Background information
- Also known as: Jim Kirk
- Born: James R. Kirk
- Origin: Dallas, Texas, U.S.
- Genres: Film/video/music production, special events
- Occupations: President & Creative Director for Corporate Magic, Inc.
- Years active: 1986–present
- Label: Capitol Records
- Website: www.corporatemagic.com

= James R. Kirk =

American businessman

James R. Kirk is the President and Chief Creative Officer of Corporate Magic, a production company based in Dallas, Texas.

==Career==
Early in his career, Kirk distinguished himself by creating and producing music for American Top 40 and American Country Countdown, in addition to jingles and promotional scores for Coca-Cola, the Boy Scouts of America, and other radio and television stations around the globe. He soon caught the attention of Roy Disney, who hired him in 1975 as creative director for TM Productions, where he created and produced more than 6,500 commercials and station IDs.
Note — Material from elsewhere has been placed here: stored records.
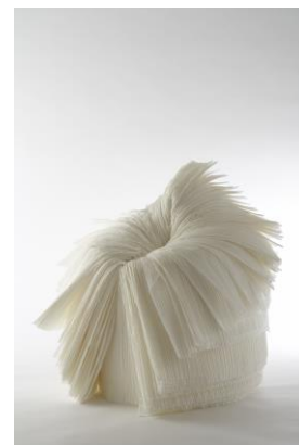
cabbage chair for 21_21 Design Sight 2008
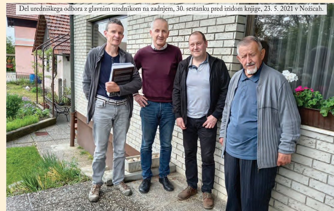
Del uredniškega odbora z glavnim urednikom na zadnjem, 30. sestanku pred izidom knjige, 23. 5. 2021 v Nožicah.
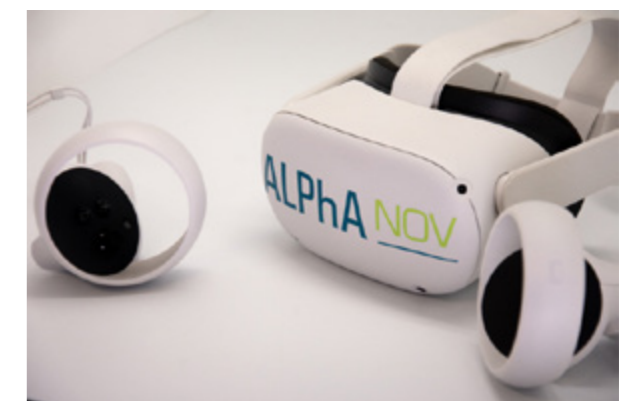
Casque de réalité virtuelle autonome.
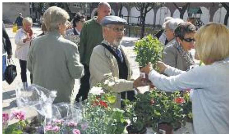
Els comerços van lliurar plantes als seus clients.

L'entrega de les plantes es va fer a la plaça d'Antonio Machado, a la plaça de l'Ermita, a la plaça de Maria Aurèlia Capmany i a la plaça de l'Estatut.
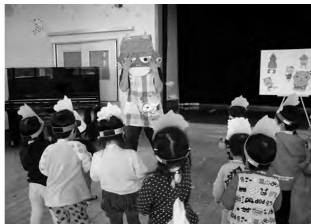
←豆まき会をする子どもたち

2月3日(火)、保育所で豆まき会をしました。節分のお話を聞いたあと、みんなで「おにはーそと！ふくはーうち！」と元気いっぱい豆をまきました。
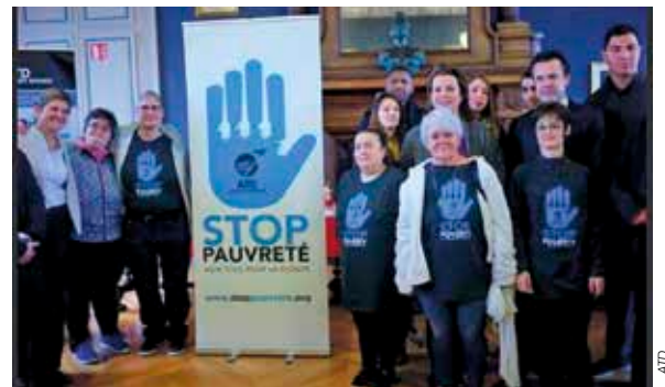
En présence d'élèves du lycée, la campagne de mobilisation ATD « Stop Pauvreté », officiellement lancée à la mairie d'Angers le 12 février 2016.

Le mouvement ATD (Agir Tous pour la Dignité Quart monde) a été créé en 1957 par le père Joseph Wresinski avec des familles vivant dans un camp de logement à Noisy-le-Grand (banlieue parisienne). Ce camp avait été installé par le Mouvement Emmaüs et son fondateur l'abbé Pierre. L'objectif d'ATD Quart monde est l'éradication de l'extrême pauvreté. Le principe fondateur est que ceux qui subissent cette situation doivent être les premiers acteurs de leur propre promotion. Il fait appel à l'engagement de chaque citoyen pour transformer les mentalités et poser des actes concrets de solidarité.
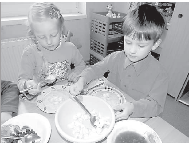
Малыши пробуют каши с разными добавками.

В Латвии на протяжении многих веков каша являлась основой меню наших предков, но сегодня это полезное и вкусное блюдо многие подзабыли. Специалисты по питанию говорят о том, что зерновые продукты должны составлять примерно половину нашего рациона.

- Kirk, along with Fred Hardy, had started a jingle company in 1974. One jingle package they created, "The MOR Overture" would be remade in 1978 by JAM Creative Productions as "I'd Rather Be in Denver," which was created for KIMN in Denver, Colorado and incorporated several cuts from the original package.
- In 1980, Jim Kirk and the TM Singers spent three weeks on the Billboard Hot 100 with "Voice of Freedom". The single, with "The Star Spangled Banner" as a B-side, was released by Capitol Records. It peaked at number 71 in February 1980. All proceeds benefited the American Red Cross. The group also performed the theme song for the 1980 NBC television series Speak Up America.
- In 1984, Kirk created for WFAA-TV in Dallas, Texas an image campaign series entitled "The Spirit of Texas." The success of that campaign led TM Communications and its successor, TM Century, to distribute the campaign series, first to the other Belo stations and then to other television stations well into the 1990s. WFAA carried the musical logo through several packages until 2014, when it adopted a uniform theme from its new owner, Gannett Company (later Tegna Inc.).
- In 1986, Kirk left TM Productions with partner Buddy Scott to start Corporate Magic, a production company specializing in corporate events.
- In 1997, Kirk created and produced the widely acclaimed syndicated program American Moments, starring Charles Kuralt and James Earl Jones.
- In 2000, Gaylord Entertainment purchased Corporate Magic from Kirk, who continues to lead as its president and chief creative officer.

==Corporate Magic==
Corporate Magic is a communications and event production firm, producing shows for companies including Aflac, Boeing, Chevrolet, Coca-Cola, Ford Motor, IBM, Kraft, the National Football League, Nortel, Procter & Gamble, Prudential, Rite Aid and Sherwin-Williams.

Corporate Magic has also staged productions for musical acts Garth Brooks, Keith Urban, Faith Hill, Sting, Toby Keith, Sheryl Crow, The Jonas Brothers, Kelly Clarkson and Carrie Underwood.

On June 6, 2010, Jim Kirk reached an agreement to reacquire Corporate Magic from Gaylord Entertainment. Terms of the transaction were not released.